Putin’s 5 catastrophic miscalculations

EVGENY SAVOSTIANOV

What could Vladimir Putin have been thinking?

Since the start of the Ukraine war more than 18 months ago, many have wondered why Russia launched a unilateral war of aggression against its western neighbor — and why, despite grievous battlefield losses and major strategic miscalculations in the months since, the Kremlin continues to persist in this effort.

The answer can be found in a series of profound miscalculations that have been made by the Kremlin in recent years.

First, Putin has, over time, become obsessed with initiating and leading a global campaign against the West, the way the communist regime of the USSR did. His attempts to simply coopt democratic institutions have proven incompatible with his desire for lifelong rule, despite the pliability of many European leaders.

So the Russian president and his followers have persuaded themselves that a civilizational war between Russia and the West is both necessary and inescapable. In their eyes, the current struggle for Ukraine — once the seat of the Russian state — represents the opening salvo in such an effort.

That project, however, has failed.

While the Kremlin hoped in theory to rally a broad anti-Western front in support of its efforts, it has had tremendous practical difficulty in doing so. As a result, it has been forced to rely on assistance from a handful of rogue states such as Syria, Iran and North Korea to continue to fuel its war effort.

Second, Russia failed to recognize a recent hardening of Western attitudes. For years, Moscow had successfully wielded its “energy weapon” and nuclear blackmail to intimidate countries in the West. But even before the Ukraine war, European attitudes had begun to change as more and more policymakers grasped that the Kremlin was insatiable. They realized that it would no longer do to succumb to Russian intimidation.

Since February 2022, Ukraine’s heroic, steadfast resistance to Russian aggression and the massive difficulties experienced by the Russian military have only helped to reinforce for Western leaders that they must not retreat from the Kremlin.

Third, Russia’s plans for a rapid, overwhelming takeover of Ukraine betrayed a profound misunderstanding of the mood of Ukrainians themselves. In the run-up to the conflict, Russia’s president had managed to convince himself that, due to his government’s long-running efforts to subvert their society, Ukrainians writ large saw themselves not as an independent nation but as “Malorossy,” southern Russians, who needed to be reconnected to the Fatherland.

In so doing, Putin repeated the mistake made by the generals of the White movement of the Russian Revolutionary era. He assumed that his soldiers would be met with flowers instead of bullets. Russia’s forces were thus woefully unprepared for the ferocity and extent of Ukraine’s resistance.

Fourth, Putin did not have an accurate understanding of the true state of his army. After years of propaganda, showy parades and rosy pronouncements by his generals, Russia’s president was misled into believing that his country wielded a first-rate military, capable of waging and winning a continental conflict. The actual performance of the Russian military on the Ukrainian battlefield has showcased something very different, both to the Russians and to the rest of the world.

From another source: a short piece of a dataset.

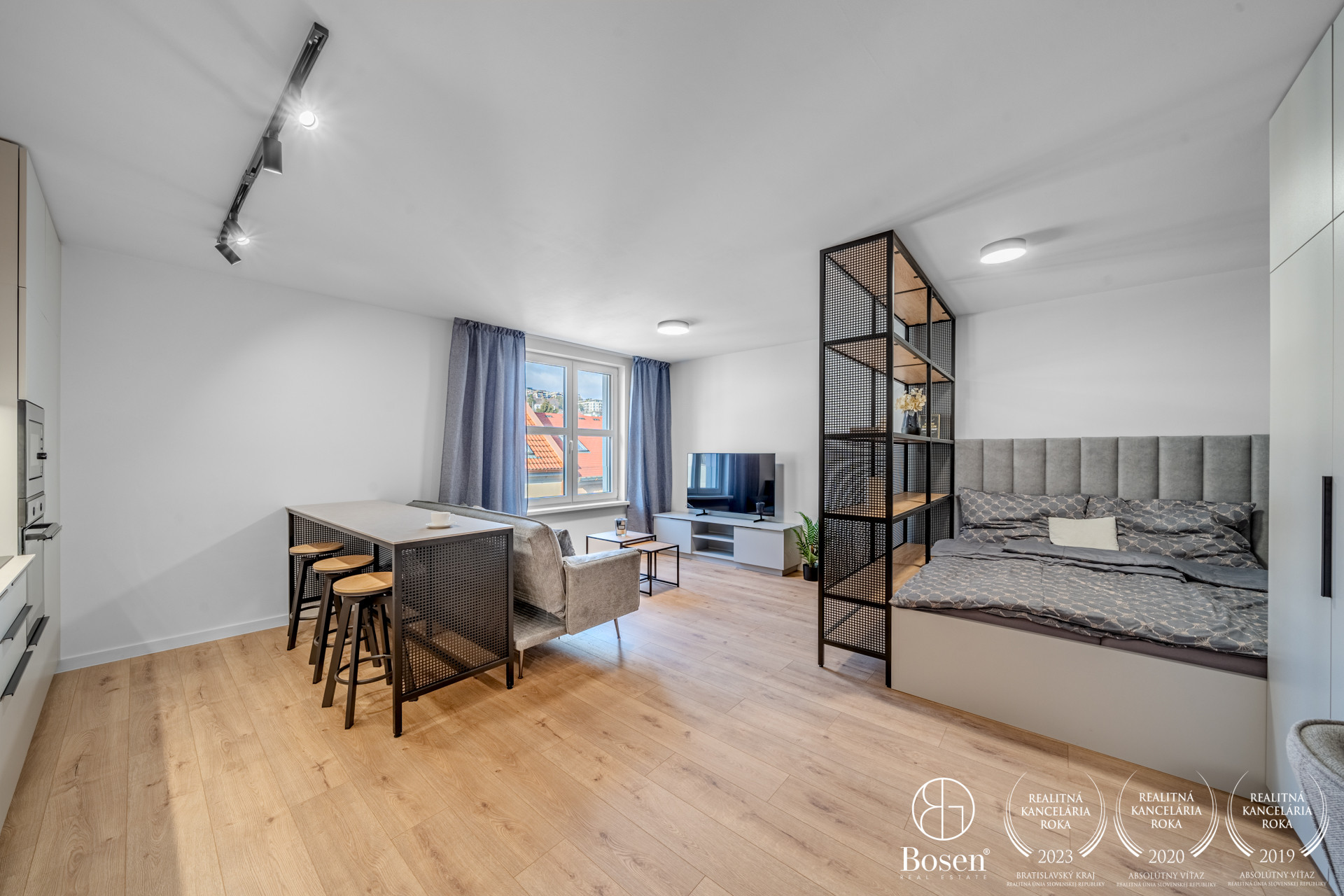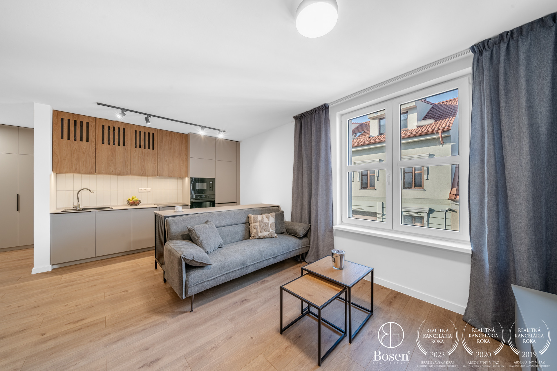Bosen Group Vám ponúka na prenájom moderný a klimatizovaný 1,5 izbový byt v srdci Bratislavy, situovaný v prestížnej lokalite Starého Mesta na Ľadovej ulici. Byt sa nachádza v malej kľudnej bytovke (11 bytov).

Finally, Putin did not have a grasp of the true state of the Russian economy. Having long relied on commerce with a compliant Europe, Moscow was unprepared for the abrupt, extensive economic isolation that has resulted from its war on Ukraine. Even now, Russian officials publicly extol the resilience of Russia’s economic sector and minimize the effect of Western fiscal and technological pressure. But their bluster masks a more sober reality: Western sanctions are only now beginning to bite, but they have already affected the Russian economy profoundly and will continue to do so.

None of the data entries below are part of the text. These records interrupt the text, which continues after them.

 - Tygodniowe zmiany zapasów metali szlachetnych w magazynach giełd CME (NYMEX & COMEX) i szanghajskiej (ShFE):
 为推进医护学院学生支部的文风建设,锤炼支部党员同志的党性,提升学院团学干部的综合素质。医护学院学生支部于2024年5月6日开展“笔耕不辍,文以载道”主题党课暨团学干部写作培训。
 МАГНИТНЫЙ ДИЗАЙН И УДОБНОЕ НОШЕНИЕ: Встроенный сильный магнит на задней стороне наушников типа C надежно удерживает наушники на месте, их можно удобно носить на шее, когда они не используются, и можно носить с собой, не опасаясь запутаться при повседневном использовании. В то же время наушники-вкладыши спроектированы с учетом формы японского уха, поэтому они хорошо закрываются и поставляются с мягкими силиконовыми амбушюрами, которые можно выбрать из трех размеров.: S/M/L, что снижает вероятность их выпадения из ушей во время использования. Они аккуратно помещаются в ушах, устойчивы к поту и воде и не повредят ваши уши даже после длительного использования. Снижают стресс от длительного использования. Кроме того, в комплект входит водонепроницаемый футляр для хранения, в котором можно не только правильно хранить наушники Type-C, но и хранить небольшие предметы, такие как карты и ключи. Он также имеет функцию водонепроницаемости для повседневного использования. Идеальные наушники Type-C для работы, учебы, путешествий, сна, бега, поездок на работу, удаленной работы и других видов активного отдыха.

All that leaves Russia with precious few options. Having profoundly alienated the West, the country now faces a future of profound isolation — or even of subservience to China. Despite the “no limits” partnership between Putin and Chinese President Xi Jinping. The Chinese see Russia as a country in big trouble, or even potentially as a vassal.

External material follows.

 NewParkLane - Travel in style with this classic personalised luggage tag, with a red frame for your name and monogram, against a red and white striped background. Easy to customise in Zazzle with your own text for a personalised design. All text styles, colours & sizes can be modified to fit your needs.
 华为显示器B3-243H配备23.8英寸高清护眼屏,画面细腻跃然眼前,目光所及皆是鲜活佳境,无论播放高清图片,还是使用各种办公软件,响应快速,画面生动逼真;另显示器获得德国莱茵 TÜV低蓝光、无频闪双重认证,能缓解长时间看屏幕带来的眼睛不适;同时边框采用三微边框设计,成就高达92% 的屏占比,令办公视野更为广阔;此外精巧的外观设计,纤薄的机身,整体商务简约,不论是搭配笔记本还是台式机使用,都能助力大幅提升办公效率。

Already, we are seeing the practical consequences of this uneven partnership, as Beijing supplants Moscow as the dominant power in Russia’s traditional sphere of influence of Central Asia and the Caucasus and creates new pathways to Europe there, bypassing Russia. This trend is liable to accelerate as the effects of Putin’s disastrous miscalculations become more and more pronounced.

For all that, Russian collapse is not inevitable. History teaches us that every successive Russian leader ends up adopting policies that are the reverse of his predecessor’s. Thus, while Vladimir Putin may have put the country on the road to ruin, his successor may right the Russian ship of state once Putin is out of the picture. That would mean a brighter future for Russia — and for everyone else.